[Intel-gfx] [PATCH v4] drm/i915/gt: Poison residual state [HWSP] across resume.
Tvrtko Ursulin
tvrtko.ursulin at linux.intel.com
Tue Apr 21 14:47:10 UTC 2020
On 21/04/2020 10:25, Chris Wilson wrote:
> Since we may lose the content of any buffer when we relinquish control
> of the system (e.g. suspend/resume), we have to be careful not to rely
> on regaining control.
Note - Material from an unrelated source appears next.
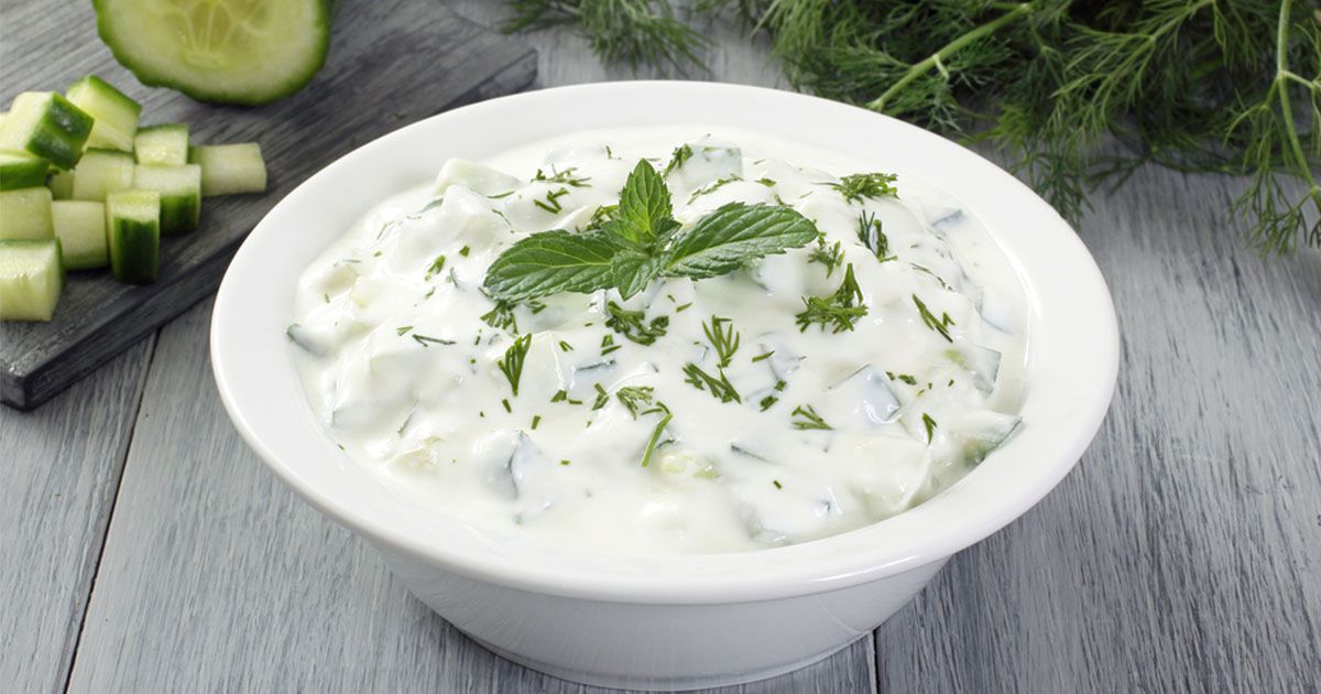 1- في وعاء، ضعي اللبن الزبادي، زيت الزيتون، عصير الليمون الحامض، الملح، الفلفل الأسود والنعناع. أخلطي المكونات حتى تتداخل.

A good method to detect when we might be using
> garbage is by always injecting that garbage prior to first use on
> load/resume/etc.
>
> v2: Drop sanitize callback on cleanup
> v3: Move seqno reset to timeline enter, so we reset all timelines.
> However, this is done on every activation during runtime and not reset.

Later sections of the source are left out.